To be frank, we at TimeGlider (formerly Mnemograph) has made very few efforts to promote ourselves. About two years ago, we sent out invitations to about 30 prominent education technology bloggers telling them about ourselves, and have done little else since then. Strictly through word-of-mouth (delicious, twitter, blogs, etc etc) we’ve grown to having about 12,000 users. That’s pretty small by most standards, but a nice number when one considers it to be “organic” growth. It’s a clear testament to the power of our current networking and broadcasting tools.
Most recently, we’ve caught the attention of Mashable, the New York Times, and the BBC:
In September ’09 we were featured in a Mashable article on novel writing tools:
http://mashable.com/2009/09/16/write-novel/
Just before Christmas we appeared in the New York Times education section:
http://learning.blogs.nytimes.com/2009/12/21/from-00-to-10-defining-the-decade/
And we got the new year off with a bang with some fabulous coverage on the BBC’s ‘Click’ program, including a very nice video segment (about 1/2 way through)

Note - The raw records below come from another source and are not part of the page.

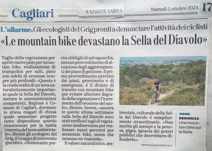 L’allarme degli ecologisti del Grig pronti a denunciare l’attività dei ciclisti della zona che “calpestano la macchia mediterranea con le biciclette senza alcuna considerazione dei danni naturalistici che provocano. Subito il divieto di transito per le mountain bike”: https://www.castedduonline.it/tagli-alla-vegetazione-per-piste-e-trampolini-le-mountain-bike-stanno-devastando-la-vegetazione-della-sella-del-diavolo/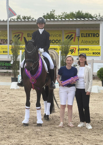 In der ersten Prüfung der mittleren Tour mussten die Amateure und die Jungen Reiter gemeinsam starten. Eine Überlegenheit der jungen Nachwuchsreiter. Nein. Vielmehr lagen sich die beiden „Gruppen“ ganz im Gleichgewicht. Schlussendlich freute sich eine Amateurin und eine Junge Reiterin punktgleich über den Sieg. Die Rede ist von der Hessin Sarah Wohlhauser mit QC Filipo Niro und Emilia Winter mit Dante Noir. Beide Damen kamen auf 71,9 Prozent und wurden für wahre Traumrunden mit dem verdienten Sieg belohnt. Die Bayerin Emilia Winter hatte mit einer sehr dynamischen Runde bei bestem Seitenbild überzeugt. Auf den weiteren Plätzen folgten Laura Löcher mit Wynton’s Son (71,4 Prozent), Juliane Dörr mit Finest Black Lady (69,6 Prozent) und Lisa Buchhold mit Zaza (69,5 Prozent). Apropos Lisa Buchhold: Die Amateurin, die die Landesmeisterschaften in diesem Jahr ganz klar anpeilt, setzte sich im Finale der Amateure am Finaltag durch. Mit einer technisch sehr sicheren Runde befand sie sich mit ihrer langbeinigen Stute Zaza fast schon in einer eigenen Liga und setzte sich mit 70,7 Prozent gegen Freya Bistritz mit Amarillo (68,6 Prozent) und Skadi von Reden mit Valentino (68,5 Prozent) durch. Sarah Wohlhauser mit Filipo Niro und Gabriele Matthes mit Escostar komplettierten die Top5. Ein wahrer Gänsehautmoment erlebte das Publikum von Winterlingen gleich in der ersten Prüfung des Tages. Ja, hier flossen sogar Tränen. Tränen der Freude und Rührung, nämlich bei Jana Reichl. Nach etlichen Top-Platzierungen in den vergangenen Wochen freute sich die Schülerin von Ramona Ritzel im Sattel von Bentley im Finale der Jungen Reiter, was gleichzeitig auch als Wertungsprüfung der Young Talent Tour fungierte, über ihren ersten (längst ausstehenden) S-Sieg (69,5 Prozent). Auf die gleiche Punktzahl kam auch die hessische Junge Reiterin Laura Löcher mit Wynton’s Son. Erneut stark präsentierten sich Jasmin Fetzer und Olympia, die sich mit 68,8 Prozent auf Rang drei einreihten. Fehler in den Dreierwechseln verhinderten eine noch bessere Platzierung. Carla Marie Porsch mit Santa Clara (68,2 Prozent), Louisa Reisch mit Bandol (68,1 Prozent) und Kaya Wehrle mit Fürstenprinz (67,8 Prozent) komplettierten die Platzierung.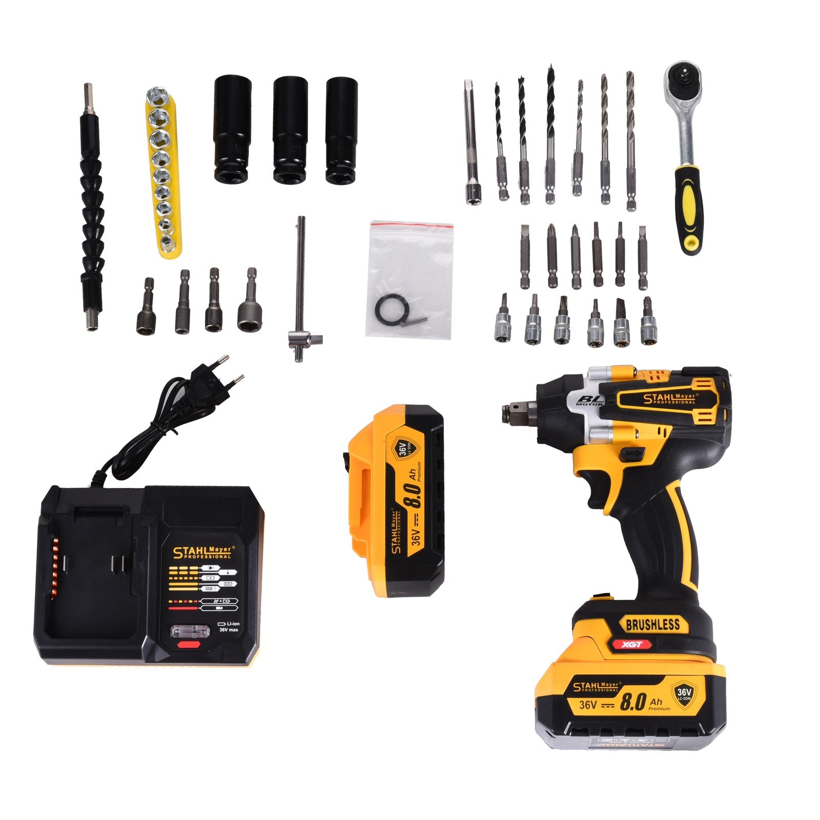 Ударен Гайковерт – Винтоверт 36V 8,0AH STAHLMAYER + 40 части инструменти Акумулаторен Безчетков 2х Батерии 850Nm

http://news.bbc.co.uk/2/hi/programmes/click_online/8443401.stm
So thank you to those of you who’ve helped spread the word. As I’ve said, 2010 promises to be a year of leaps and bounds.
Wow, what a morning. We got a nice little mention in Slashdot — one of the most widely read science/tech blogs on the web — and signups are going through the roof. We’re also getting lots of positive feedback and helpful bug reports, including the fact that I’d forgotten to re-install our blog after a server move.
The Slashdot piece headlines with “Timeglider Software…” but it’s ostensibly about a fantastic timeline put together by Steve Usdin, at the Wilson Center in D.C., about the Rosenberg spy case.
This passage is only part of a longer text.